PROBLEM TO WORK ON.
Repeat the records in full and exactly, omitting pictures.

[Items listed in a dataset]
---+---
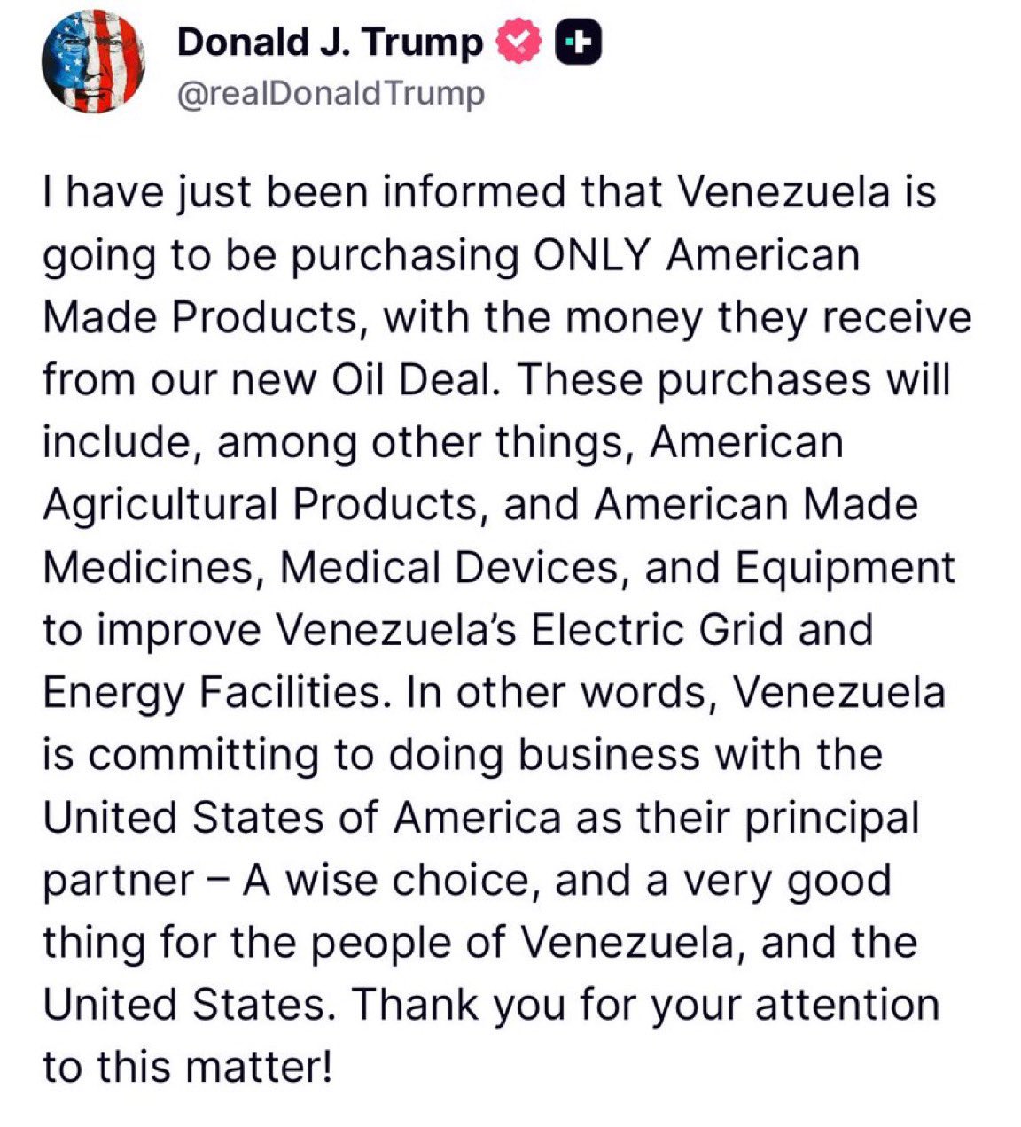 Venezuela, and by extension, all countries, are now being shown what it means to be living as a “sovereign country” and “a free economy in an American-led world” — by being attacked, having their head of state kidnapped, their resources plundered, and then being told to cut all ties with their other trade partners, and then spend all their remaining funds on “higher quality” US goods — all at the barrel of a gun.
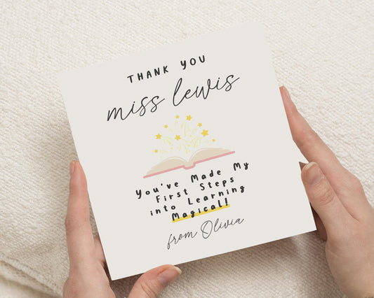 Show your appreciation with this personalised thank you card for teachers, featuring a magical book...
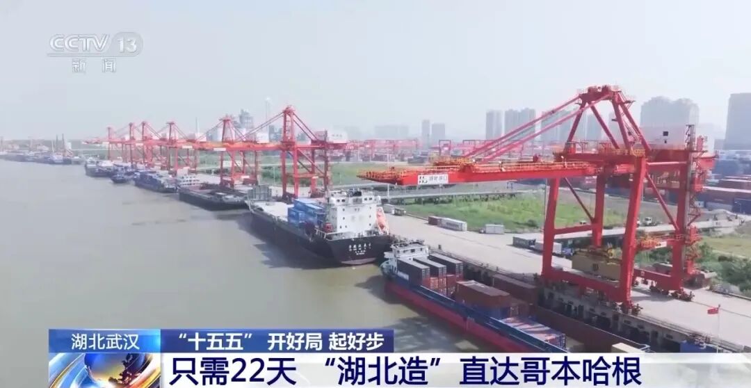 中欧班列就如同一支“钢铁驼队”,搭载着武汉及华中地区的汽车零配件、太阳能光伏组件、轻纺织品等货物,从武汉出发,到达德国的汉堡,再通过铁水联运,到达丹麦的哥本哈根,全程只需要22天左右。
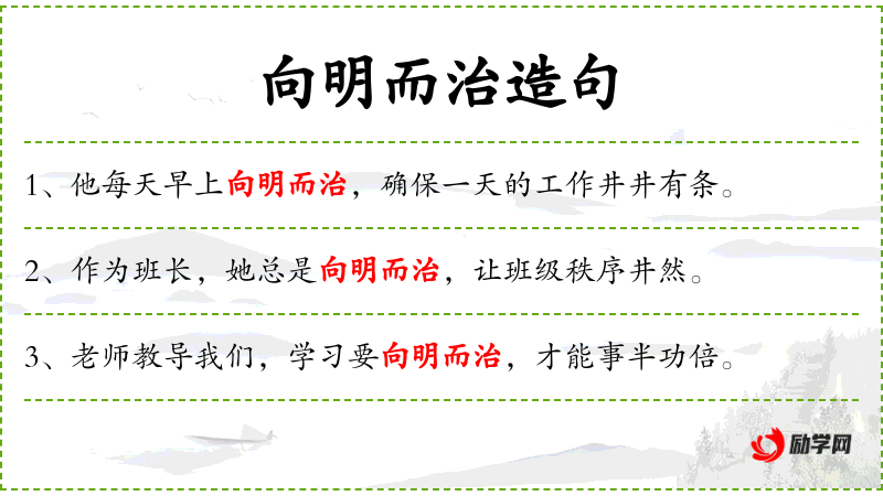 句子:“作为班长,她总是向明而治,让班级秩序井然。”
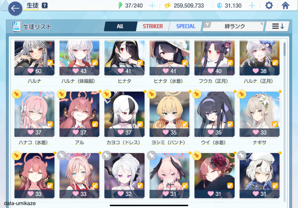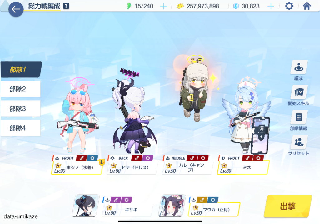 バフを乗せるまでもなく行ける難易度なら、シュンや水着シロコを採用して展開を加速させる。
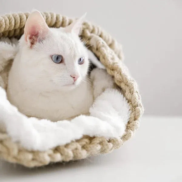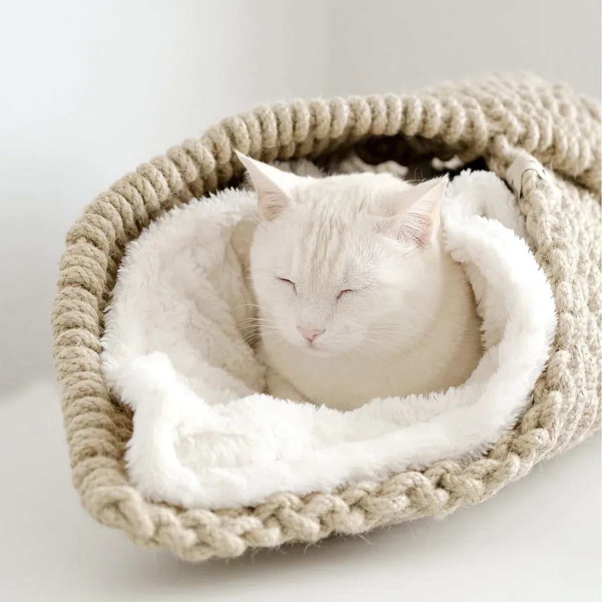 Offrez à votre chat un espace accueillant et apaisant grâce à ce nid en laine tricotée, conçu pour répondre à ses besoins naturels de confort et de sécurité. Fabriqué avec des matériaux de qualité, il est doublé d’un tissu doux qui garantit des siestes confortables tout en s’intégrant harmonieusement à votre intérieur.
---+---
YOUR SOLUTION.
 Venezuela, and by extension, all countries, are now being shown what it means to be living as a “sovereign country” and “a free economy in an American-led world” — by being attacked, having their head of state kidnapped, their resources plundered, and then being told to cut all ties with their other trade partners, and then spend all their remaining funds on “higher quality” US goods — all at the barrel of a gun.
 Show your appreciation with this personalised thank you card for teachers, featuring a magical book...
 中欧班列就如同一支“钢铁驼队”,搭载着武汉及华中地区的汽车零配件、太阳能光伏组件、轻纺织品等货物,从武汉出发,到达德国的汉堡,再通过铁水联运,到达丹麦的哥本哈根,全程只需要22天左右。
 句子:“作为班长,她总是向明而治,让班级秩序井然。”
 バフを乗せるまでもなく行ける難易度なら、シュンや水着シロコを採用して展開を加速させる。
 Offrez à votre chat un espace accueillant et apaisant grâce à ce nid en laine tricotée, conçu pour répondre à ses besoins naturels de confort et de sécurité. Fabriqué avec des matériaux de qualité, il est doublé d’un tissu doux qui garantit des siestes confortables tout en s’intégrant harmonieusement à votre intérieur.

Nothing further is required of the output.